Spiritual Science makes the brain a supple, flexible tool, so that it can break free from prejudices. Spiritual Science has a powerful effect that reaches down into the physical body of the human being. People can be immersed in spiritual science right down to the practical tasks they perform. Let me give you an example. It is certainly useful to give children the opportunity to do gymnastics today. It is an extremely healthy exercise when done correctly. In my lecture on education, I already pointed out that it is important to remain aware that human beings are not just physical beings, but are also imbued with higher spiritual elements. One should be able to empathize completely with those who are exercising, in order to feel every movement of the etheric and astral bodies. I knew a gymnastics teacher who was a great theorist. He knew the physical body of the human being very well. He also had to give theoretical gymnastics lessons. What matters is not that one knows the physical body well, but that one experiences an increase in inner well-being with each exercise. One should experience purposefully what the individual exercise is supposed to be. Those who have a living feeling, not just an abstract mental image of the physical body, know that one can have a living feeling for everything the child experiences, for example when climbing a ladder. It is conceivable to have gymnastics that works so harmoniously in the interaction of the etheric and physical bodies that the best foundation is laid for a good memory in later life.
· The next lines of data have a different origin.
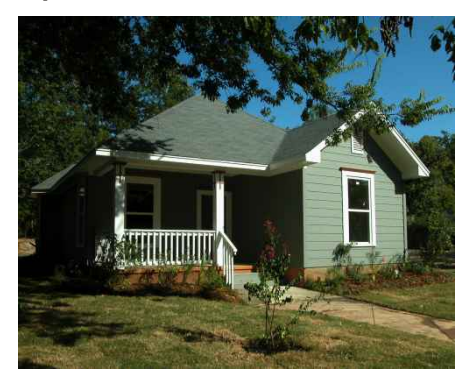
The first of several homes to be built in Paris.

In many CHRISTUS communities today, quality affordable homes are under construction thanks to the support of the CHRISTUS Community Direct Investment (CDI) program, CHRISTUS Associates and their neighbors are realizing their dreams of becoming first-time homebuyers. As part of its commitment to creating healthier communities, CHRISTUS invests money with local not-for-profit organizations to support community development. By encouraging the hard work of committed local leaders, the CDI program helps to build local capacity. The CDI program plays the role of initiator, facilitator, partner, and/or investor depending on the situation in each community.
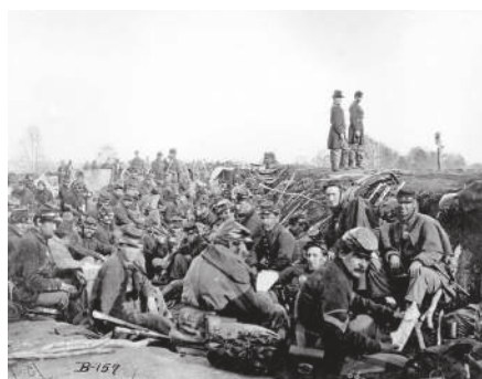
Confederate soldiers and officers mustered in their trench, Petersburg, Virginia, 1864.

“Lee Quality Beverages” was put up in 1956 by the Lee Beverage Company of Petersburg, Virginia, and contained ten fluid ounces. The ACL depicts Confederate battle flags flying above the name with little stars throughout. (Fig. 3) Petersburg is the home of U.S. Army Fort Lee, named after Confederate General Robert E. Lee. The label evokes a contemporary controversy: the removal of Confederate statues, flags and other symbols from public spaces. Recently, on April 27, 2023, Fort Lee itself was renamed Fort Gregg-Adams in honor of two renowned black Army officers. Petersburg was the object of a siege during the Civil War, which lasted more than nine months and resulted in an astoundingly sad number of casualties, approximately 42,000 men on the Union side and 28,000 on the Confederate side. The siege is said to be the first battle to have involved trench warfare. In addition to the U.S. Army garrison, Petersburg is the site of a National Battlefield memorializing both sides’ patriotism, bravery, and sacrifice during the Civil War. “Lee Quality Beverages” is fairly available to collectors but always in demand.
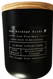
Scented Soy Candle Hand Poured in Melbourne
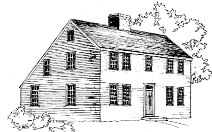
17TH CENTURY SALTBOX 1600's-1776
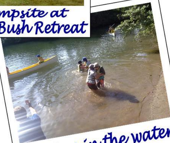
Playing in the water
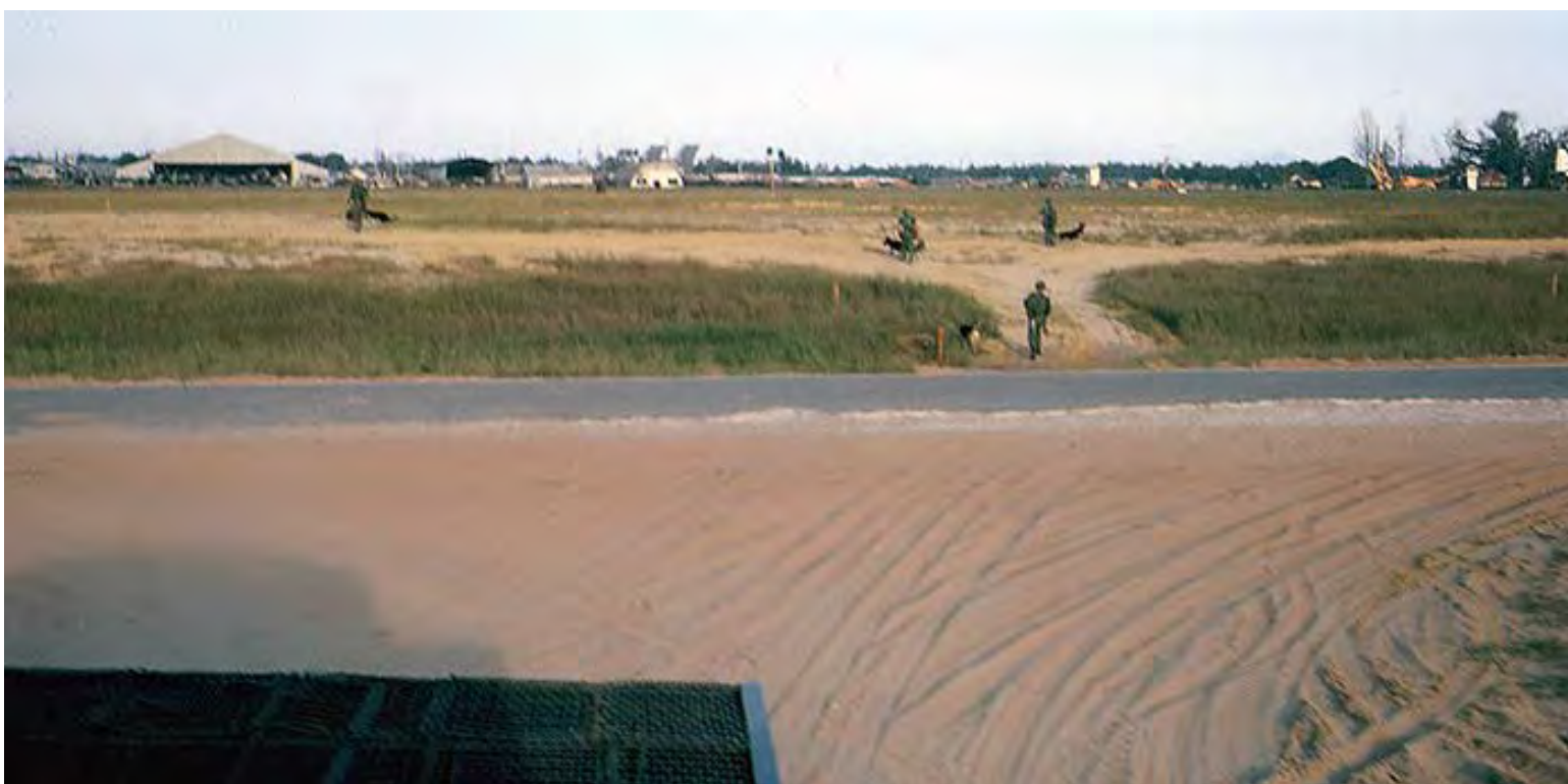
72. Đà Nẵng AB, K-9 Growl Pad: Handlers and Dogs scatter eastward to posts, which could range from 1000-2000 feet long. Across the active runway you can see flight line hangars and buildings. The area immediately in front of the handlers is the under-construction new runway. 1965-1966.

Even what is visible can only be properly understood when it is understood from the perspective of Spiritual Science. Gymnastics would be the best remedy for declining memory in old age if gymnastics lessons were taught from the perspective of Spiritual Science.

Spiritual Science is not a theory, nor is it dogmatic, but rather something that imparts vitality to life. One day it will be recognized that only through Spiritual Science can human beings become true practitioners of life. Only those who can handle this life, who are not its slaves, are practitioners of life. Through their invisible limbs, human beings should always remain masters of their outer nature. Only by always being the leader of the physical can human beings become practitioners down to the last limb of their lives. The person who can understand what Fichte said, which is so often misunderstood, out of a true understanding of their limbs, is a practitioner of life. This will be the ideal of the human being when they again direct the visible from their invisible: “The human being can do what they should; and when they say, ‘I cannot,’ they do not want to.”